EDD (enhanced due diligence) screening

Customers assessed as high risk must be subject to ongoing monitoring.

High -  sources of information on PEPs, sanctions lists and incidents of adverse media are digitised and published via APIs.

Approve client for onboarding

Customers scored as Low risk, or those High risk but who satisfy EDD screening, are approved for onboarding.

Medium - penetrating customer due diligence creates sufficient knowledge of customers to allow automation.

 

As shown in the table above, many activities of a typical KYC process are candidates for automation. This is consistent with findings published in the June 2017 edition of McKinsey Quarterly: “McKinsey Global Institute (MGI) research suggests that companies can automate at least 30 percent of the activities in about 60 percent of all occupations by using technologies available today”. 

Redesigning and automating the KYC process with RPA and AI

In a redesigned and automated process, RPA and AI are applied to those activities identified above as having high potential for automation, and the new activity of “Codify KYC policy” is added. In the old process, KYC policies exist as business rules captured in paper or electronic documents which guide the work of KYC operations. In practice, this approach creates risk to the firm as the senior risk professionals responsible for creating policies can only be certain these are consistently applied through constant oversight: however, such policing proves impossible to maintain, degrading to staff morale and expensive.
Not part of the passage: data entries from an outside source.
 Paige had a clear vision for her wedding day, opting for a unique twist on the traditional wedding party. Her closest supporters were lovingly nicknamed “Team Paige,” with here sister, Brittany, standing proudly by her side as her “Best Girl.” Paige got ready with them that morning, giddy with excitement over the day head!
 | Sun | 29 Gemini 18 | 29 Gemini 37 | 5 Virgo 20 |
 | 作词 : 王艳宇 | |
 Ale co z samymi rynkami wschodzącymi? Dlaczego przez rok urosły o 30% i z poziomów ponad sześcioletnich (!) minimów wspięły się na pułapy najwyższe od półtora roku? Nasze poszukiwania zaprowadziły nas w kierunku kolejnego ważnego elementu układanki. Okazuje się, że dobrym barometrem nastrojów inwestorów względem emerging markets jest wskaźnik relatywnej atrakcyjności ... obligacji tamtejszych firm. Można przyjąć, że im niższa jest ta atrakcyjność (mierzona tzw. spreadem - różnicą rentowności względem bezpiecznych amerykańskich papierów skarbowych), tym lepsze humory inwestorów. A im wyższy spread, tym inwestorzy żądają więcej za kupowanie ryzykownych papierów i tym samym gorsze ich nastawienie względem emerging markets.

In the new process, KYC policies defined by the firm’s senior risk professionals are expressed in a new form, one that is readily understood by KYC professionals and by regulators, but also codified as a set of instructions to program a software robot. As well as automating tasks, this approach ensures that a KYC policy can be defined once and consistently enforced for every new customer. Additionally, policies are easy to amend, so the firm can respond with agility as regulations change.
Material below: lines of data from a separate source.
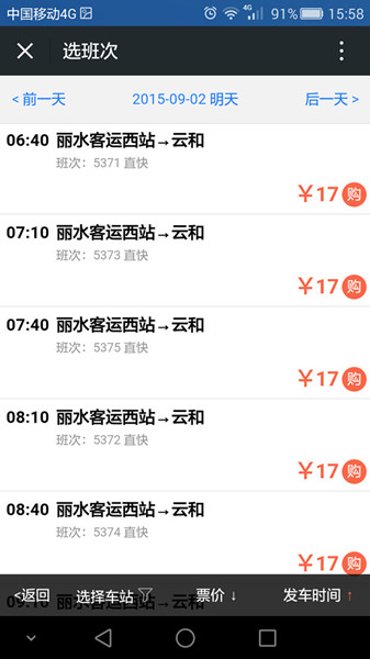 (3)點擊“購票”,進入購買服務(wù)頁面,在上車站位置選擇“麗水客運東站”或“麗水客運西站”。
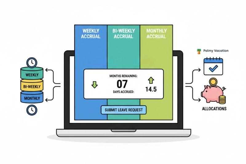 - Biweekly accrual: 20 ÷ 26 = 0.77 days per paycheck
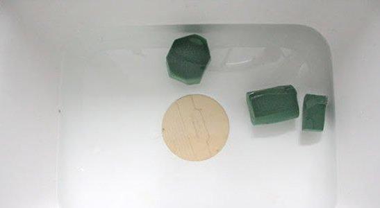 将花泥放入盛满水的碗中,并让它自己下沉到水底,吸足水分。
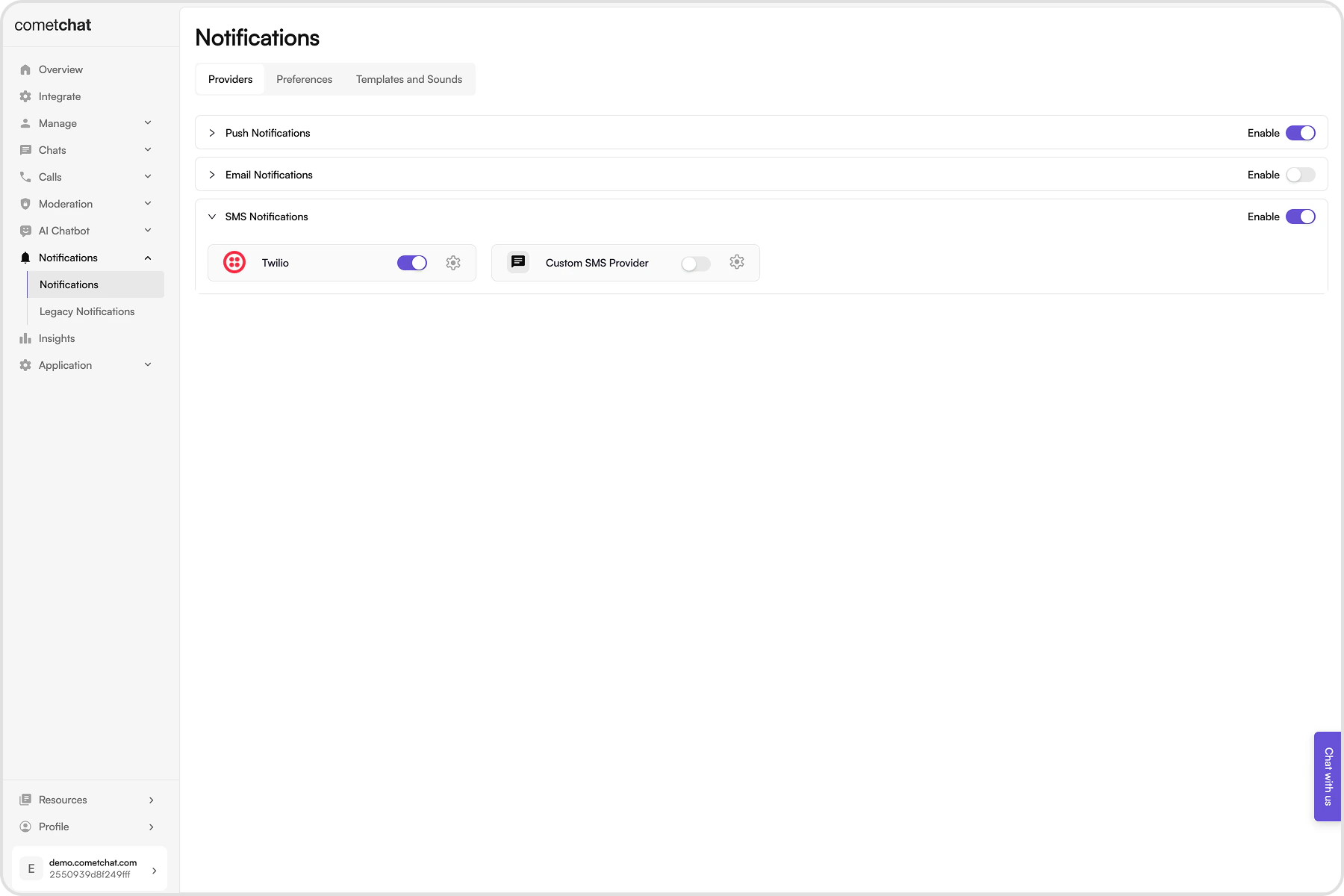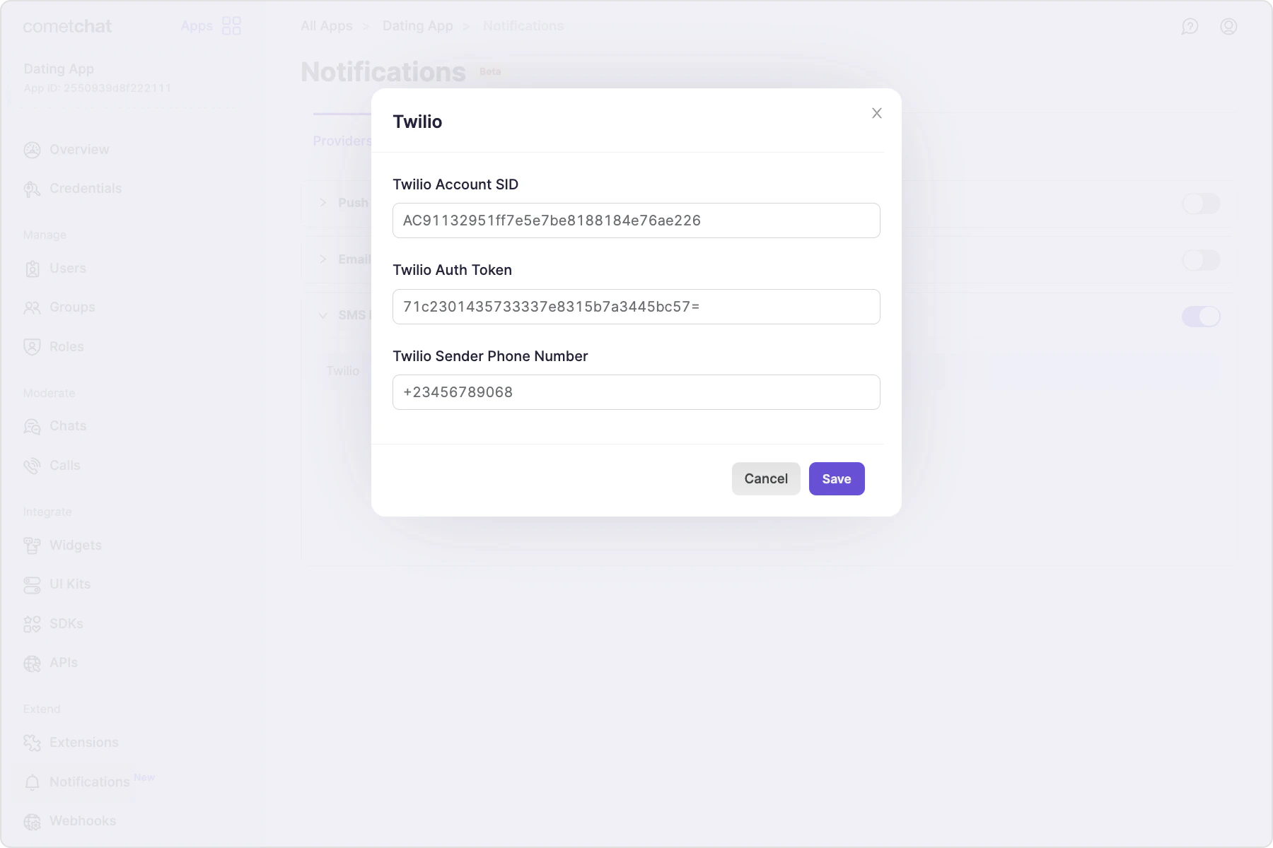 Connect CometChat SMS notifications to Twilio or your own provider. Twilio is built-in; use a custom provider if you prefer another SMS gateway.

The work of Customer Due Diligence (CDD) requires a KYC analyst to download information from multiple sources, compare facts on companies, shareholders and beneficial owners gleaned from each source and build an understanding that is comprehensive, consistent and accurate. This can be difficult, as each new information source requires the analysts to reassess and re-document their understanding. In the new process, RPA automates this work by extracting information in real time from multiple sources via APIs, and then analyses and merges multiple instances of the same legal entity (people and companies) represented in different data sources. Automation of this activity alone lifts the productivity of KYC analysts as due diligence work that previously consumed many hours is completed in just minutes by a software robot.

KYC remediation

Evolving criminal threats continue to drive new, increasingly stringent regulations. Firms operating in regulated industries are obliged to promptly update the KYC profiles of all existing customers in line with new requirements. Until this remediation is complete, firms are exposed to regulatory risk as their records reflect outdated or incomplete information. For a time, and in a bid to simplify the remediation challenge, rather than spend the time and money needed for penetrating KYC across their customer book, financial institutions chose to de-risk entire industry sectors considered to be high-risk by wholesale termination of relationships. Regulators sought to curtail this trend, which had a particularly severe impact on the FinTech sector, where it threatened to stifle the innovation so promising to banks looking to improve processes and drive efficiency. When RPA is applied to KYC processes, remediation is simplified and its costs dramatically reduced as hundreds or thousands of existing customers can be checked against the requirements of the new regulation as a single task.

Summary of benefits

The Fourth Industrial Revolution has created the conditions for automation of much of the work of KYC. RPA and AI reduce costs and improves productivity of activities involving rote repetition and adherence to rules while freeing human experts to apply their experience and judgment to accelerate customer onboarding while protecting firms against the risk of being used by criminals intent on money laundering.